-- Opening Marker --
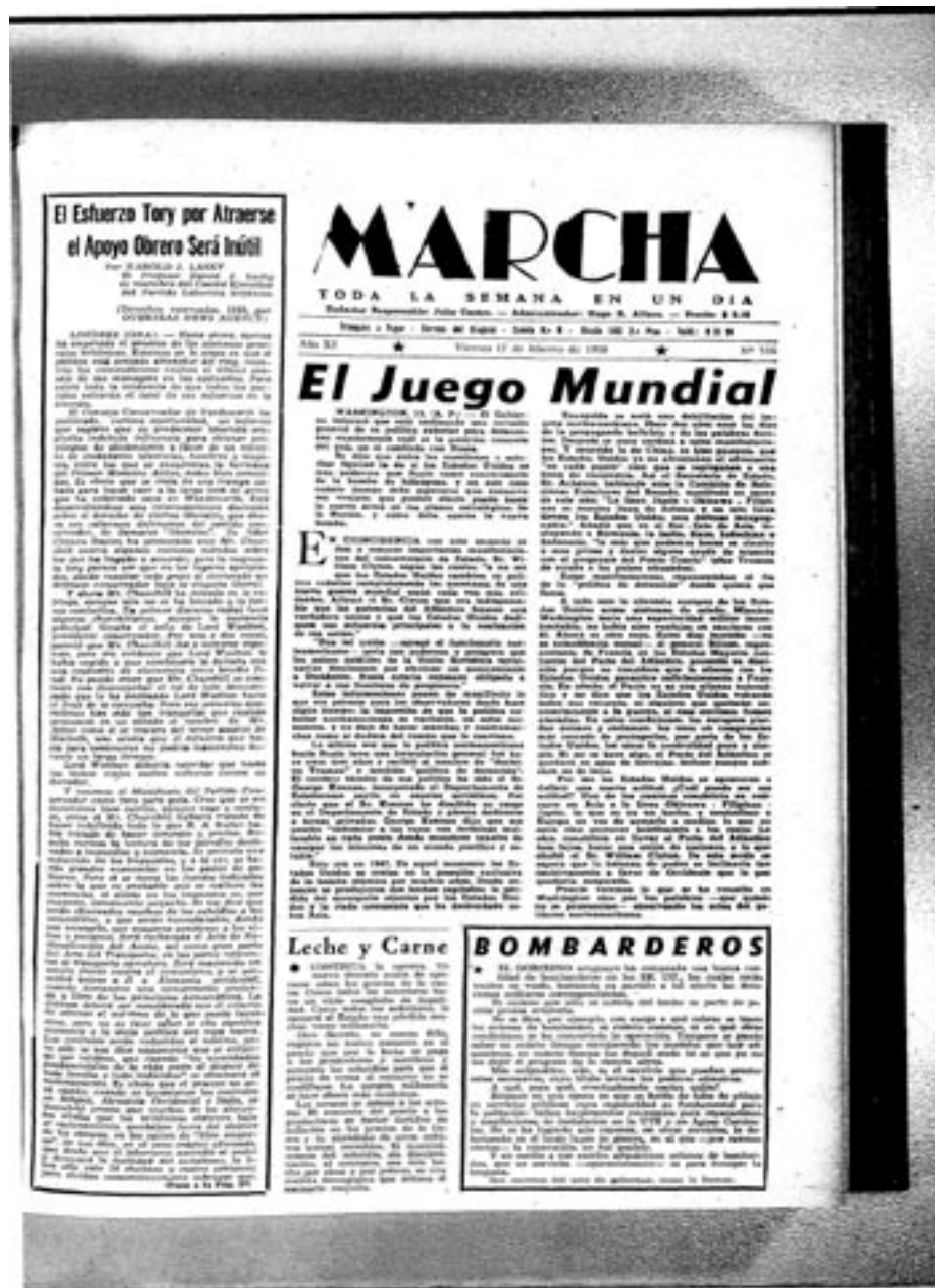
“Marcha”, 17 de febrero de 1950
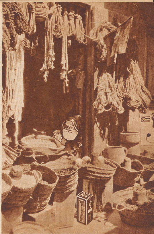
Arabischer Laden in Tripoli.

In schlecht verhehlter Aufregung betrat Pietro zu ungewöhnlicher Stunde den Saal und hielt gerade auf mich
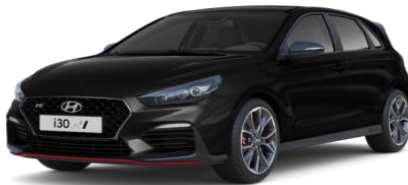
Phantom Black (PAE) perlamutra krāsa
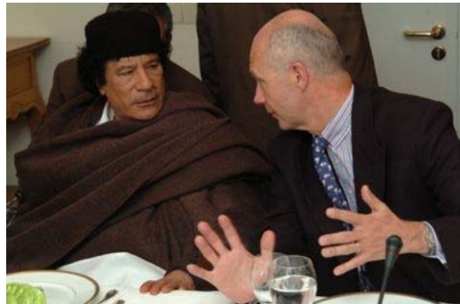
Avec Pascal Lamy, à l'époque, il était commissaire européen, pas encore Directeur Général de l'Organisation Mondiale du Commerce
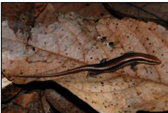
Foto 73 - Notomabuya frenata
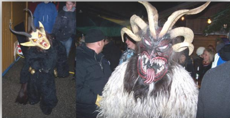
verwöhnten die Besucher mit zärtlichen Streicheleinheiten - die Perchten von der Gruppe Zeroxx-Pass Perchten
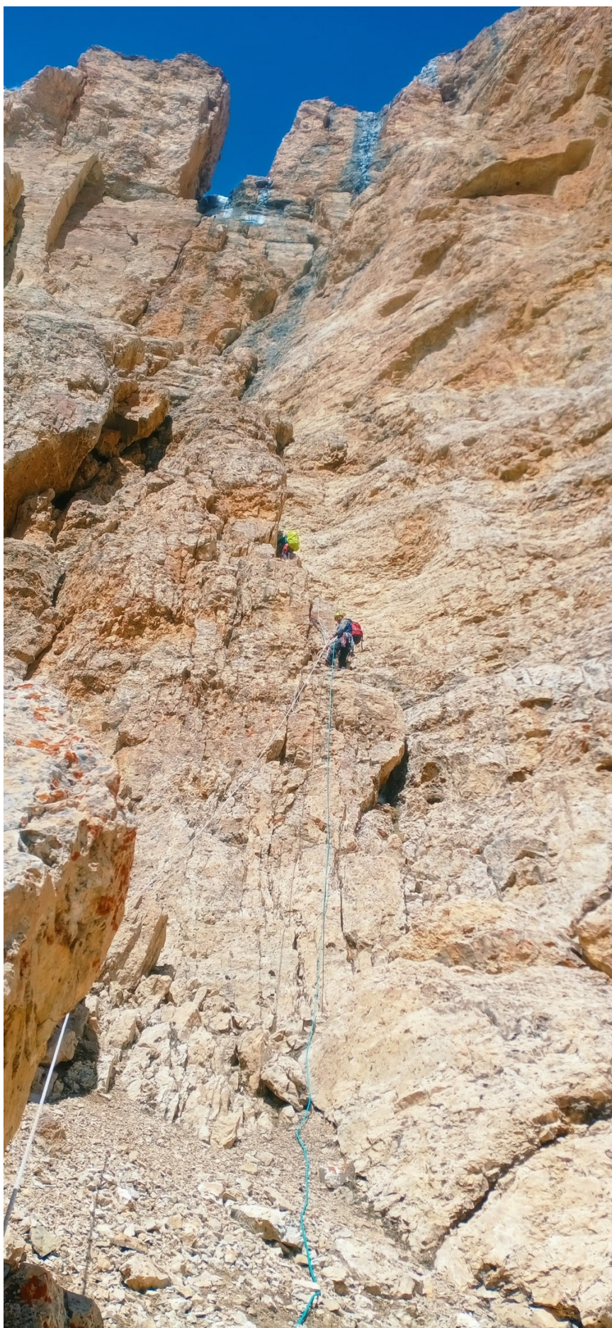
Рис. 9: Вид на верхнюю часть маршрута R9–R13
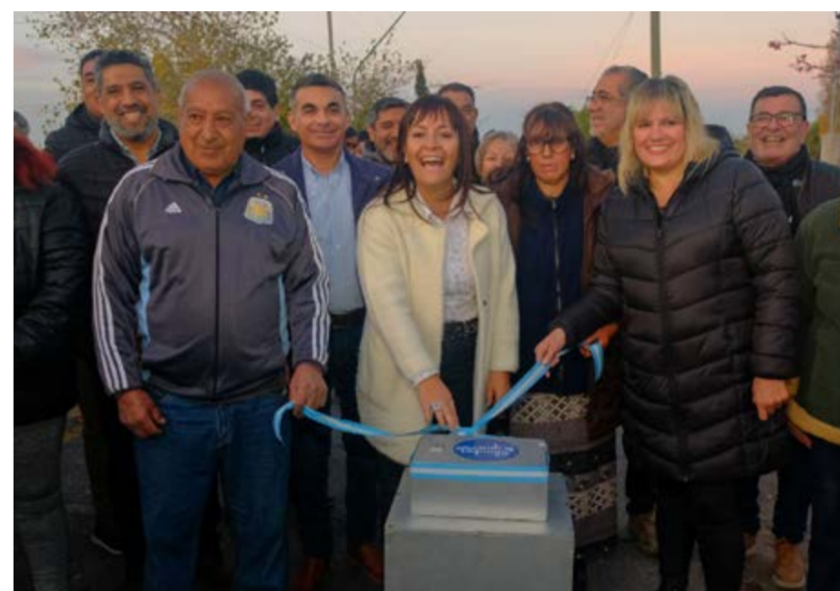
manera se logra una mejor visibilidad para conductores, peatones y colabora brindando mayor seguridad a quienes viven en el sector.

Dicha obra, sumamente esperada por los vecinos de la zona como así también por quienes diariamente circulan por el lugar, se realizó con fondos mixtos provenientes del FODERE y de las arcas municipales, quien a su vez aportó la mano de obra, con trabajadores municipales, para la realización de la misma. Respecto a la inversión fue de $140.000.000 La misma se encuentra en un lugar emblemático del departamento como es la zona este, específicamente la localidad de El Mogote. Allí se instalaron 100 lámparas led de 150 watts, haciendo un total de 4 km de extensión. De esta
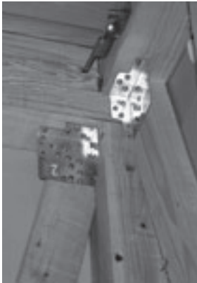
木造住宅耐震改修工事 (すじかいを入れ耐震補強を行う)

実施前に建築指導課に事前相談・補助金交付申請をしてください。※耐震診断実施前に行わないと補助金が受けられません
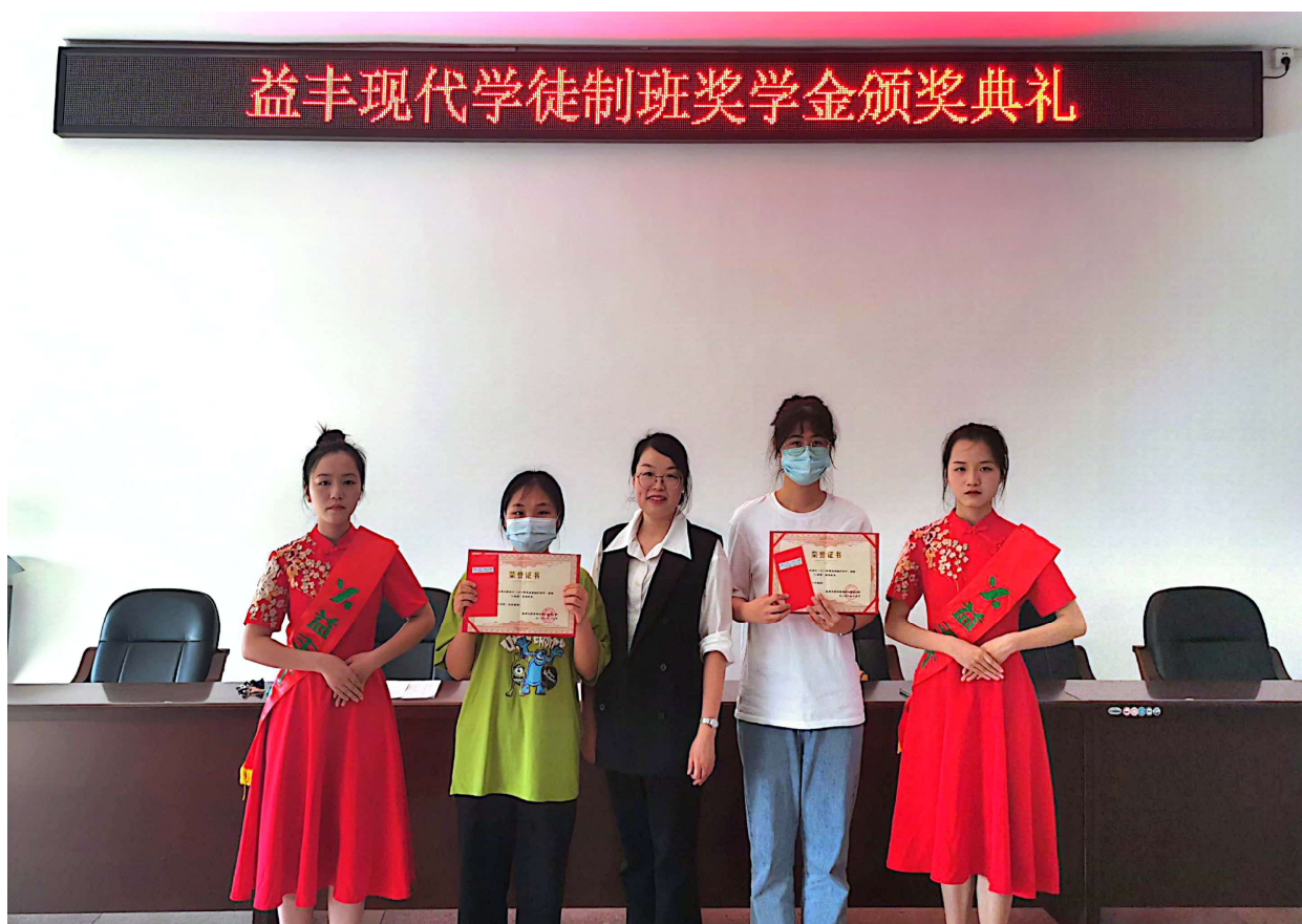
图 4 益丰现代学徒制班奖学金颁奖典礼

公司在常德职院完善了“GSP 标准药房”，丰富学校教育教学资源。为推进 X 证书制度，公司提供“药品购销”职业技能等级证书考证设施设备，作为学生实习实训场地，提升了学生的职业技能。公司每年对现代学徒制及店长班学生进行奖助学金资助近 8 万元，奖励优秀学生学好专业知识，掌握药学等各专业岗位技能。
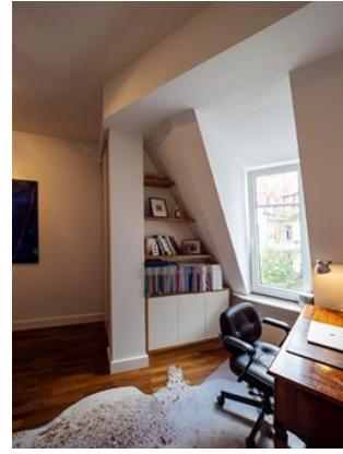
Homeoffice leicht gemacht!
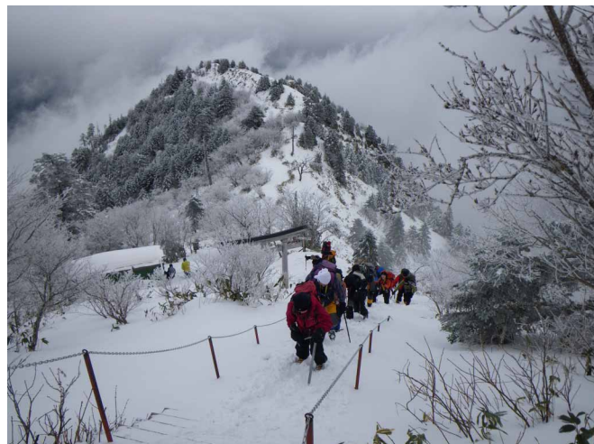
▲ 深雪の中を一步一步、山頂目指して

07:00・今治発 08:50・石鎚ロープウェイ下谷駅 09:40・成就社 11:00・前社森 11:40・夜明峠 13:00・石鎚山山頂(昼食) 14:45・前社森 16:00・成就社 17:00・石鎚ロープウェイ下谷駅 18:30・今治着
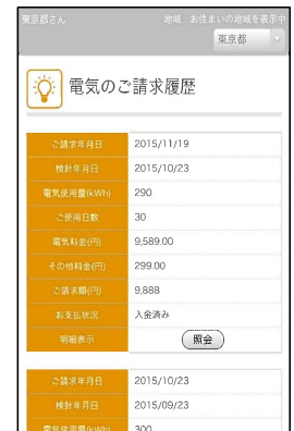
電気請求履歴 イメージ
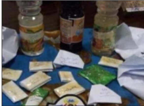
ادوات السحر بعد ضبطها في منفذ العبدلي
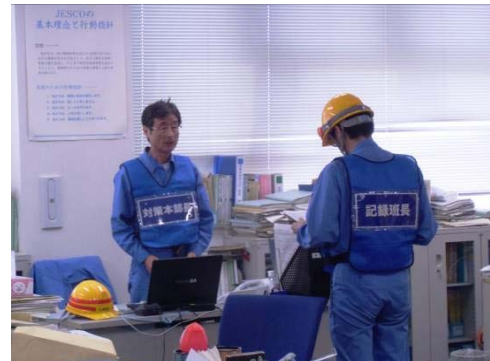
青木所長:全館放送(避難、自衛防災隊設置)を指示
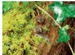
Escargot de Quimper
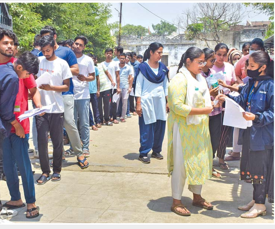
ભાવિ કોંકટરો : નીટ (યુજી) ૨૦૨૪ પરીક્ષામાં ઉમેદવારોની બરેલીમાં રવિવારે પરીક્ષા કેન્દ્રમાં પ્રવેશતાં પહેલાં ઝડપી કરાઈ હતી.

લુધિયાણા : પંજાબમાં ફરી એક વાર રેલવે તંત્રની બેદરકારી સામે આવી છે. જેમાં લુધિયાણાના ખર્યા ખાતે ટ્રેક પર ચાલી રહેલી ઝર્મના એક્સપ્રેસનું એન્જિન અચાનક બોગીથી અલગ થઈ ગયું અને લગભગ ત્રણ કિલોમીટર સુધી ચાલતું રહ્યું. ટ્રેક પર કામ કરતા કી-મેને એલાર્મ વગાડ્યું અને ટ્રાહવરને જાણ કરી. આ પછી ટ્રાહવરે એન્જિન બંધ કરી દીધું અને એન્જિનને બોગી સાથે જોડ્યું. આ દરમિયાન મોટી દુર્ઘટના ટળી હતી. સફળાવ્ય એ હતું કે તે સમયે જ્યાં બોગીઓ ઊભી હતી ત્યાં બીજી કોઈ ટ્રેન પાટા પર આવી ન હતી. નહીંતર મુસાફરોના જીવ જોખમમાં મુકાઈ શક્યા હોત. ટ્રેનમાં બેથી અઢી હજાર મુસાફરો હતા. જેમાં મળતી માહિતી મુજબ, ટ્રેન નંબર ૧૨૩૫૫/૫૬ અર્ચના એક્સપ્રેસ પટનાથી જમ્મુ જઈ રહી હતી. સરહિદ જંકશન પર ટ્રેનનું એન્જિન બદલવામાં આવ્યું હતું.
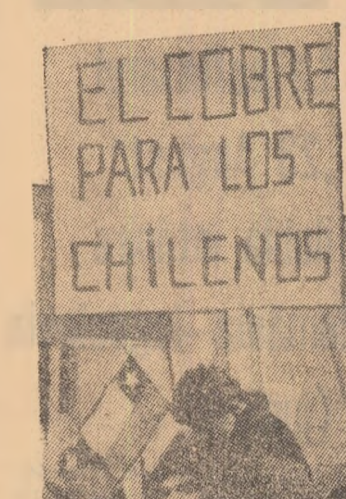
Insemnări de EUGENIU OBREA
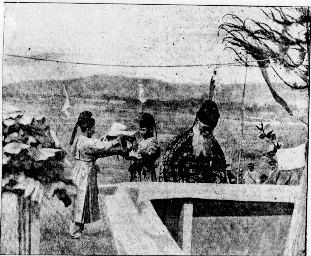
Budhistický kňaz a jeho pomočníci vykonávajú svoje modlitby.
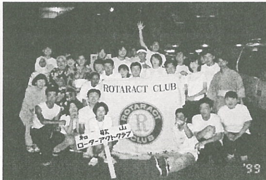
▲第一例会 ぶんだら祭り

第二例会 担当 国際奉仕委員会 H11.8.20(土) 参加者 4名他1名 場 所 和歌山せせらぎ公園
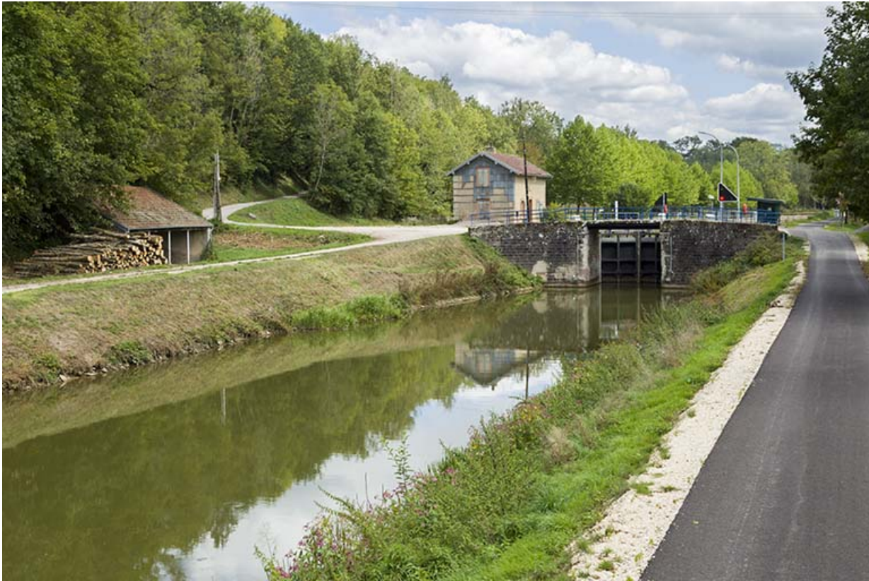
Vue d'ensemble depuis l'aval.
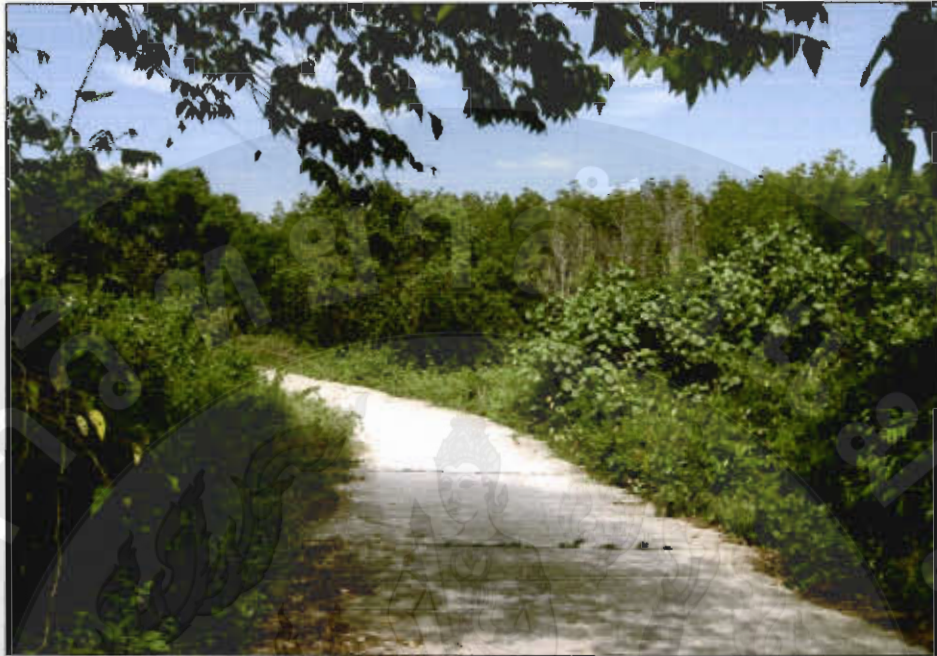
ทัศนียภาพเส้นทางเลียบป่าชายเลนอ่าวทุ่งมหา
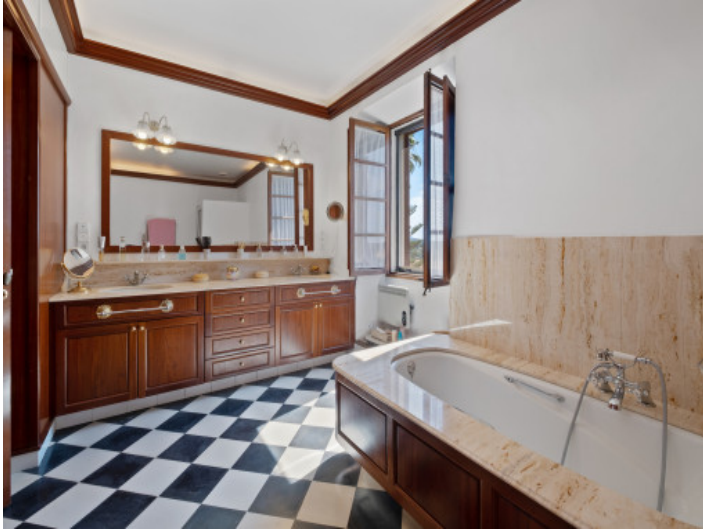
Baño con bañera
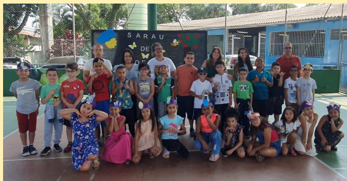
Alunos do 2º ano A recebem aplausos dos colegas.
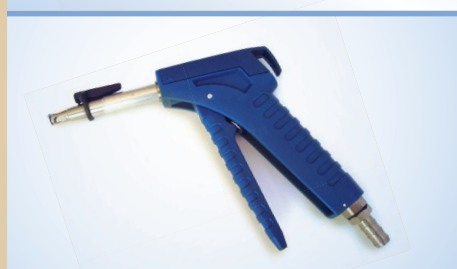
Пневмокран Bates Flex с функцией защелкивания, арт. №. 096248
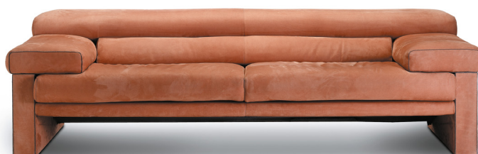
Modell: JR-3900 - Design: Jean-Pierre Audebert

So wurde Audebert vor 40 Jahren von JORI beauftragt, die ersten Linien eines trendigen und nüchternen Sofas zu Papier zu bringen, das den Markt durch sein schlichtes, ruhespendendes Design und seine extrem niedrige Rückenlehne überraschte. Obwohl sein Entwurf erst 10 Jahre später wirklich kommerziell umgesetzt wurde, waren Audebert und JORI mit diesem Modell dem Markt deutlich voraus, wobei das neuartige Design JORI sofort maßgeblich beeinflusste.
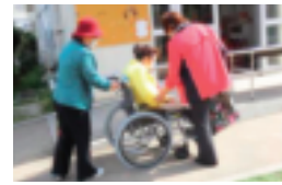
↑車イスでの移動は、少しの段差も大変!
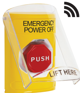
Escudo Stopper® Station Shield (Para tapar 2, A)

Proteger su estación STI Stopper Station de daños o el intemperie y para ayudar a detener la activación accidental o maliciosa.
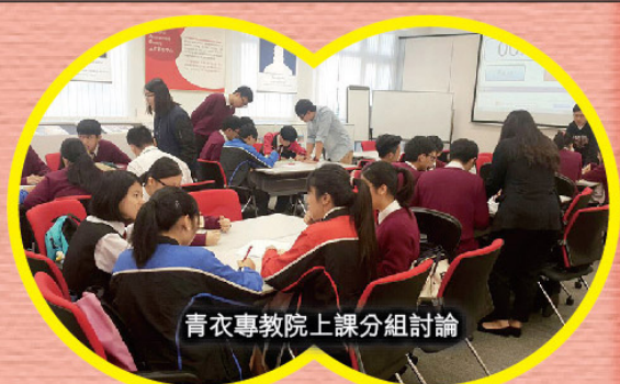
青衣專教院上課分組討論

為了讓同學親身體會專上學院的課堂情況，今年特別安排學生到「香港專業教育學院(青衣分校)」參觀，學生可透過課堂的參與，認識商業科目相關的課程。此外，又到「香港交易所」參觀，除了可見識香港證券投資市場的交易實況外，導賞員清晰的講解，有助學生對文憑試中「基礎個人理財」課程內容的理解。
-- Closing Marker --
→ YOUR OBJECTIVE:
Return word for word the lines from the beginning of the entries through the line that contains "Foto 73 - Notomabuya frenata", both ends included, but no pictures.

→ YOUR RESPONSE:
“Marcha”, 17 de febrero de 1950
Arabischer Laden in Tripoli.

In schlecht verhehlter Aufregung betrat Pietro zu ungewöhnlicher Stunde den Saal und hielt gerade auf mich
Phantom Black (PAE) perlamutra krāsa
Avec Pascal Lamy, à l'époque, il était commissaire européen, pas encore Directeur Général de l'Organisation Mondiale du Commerce
Foto 73 - Notomabuya frenata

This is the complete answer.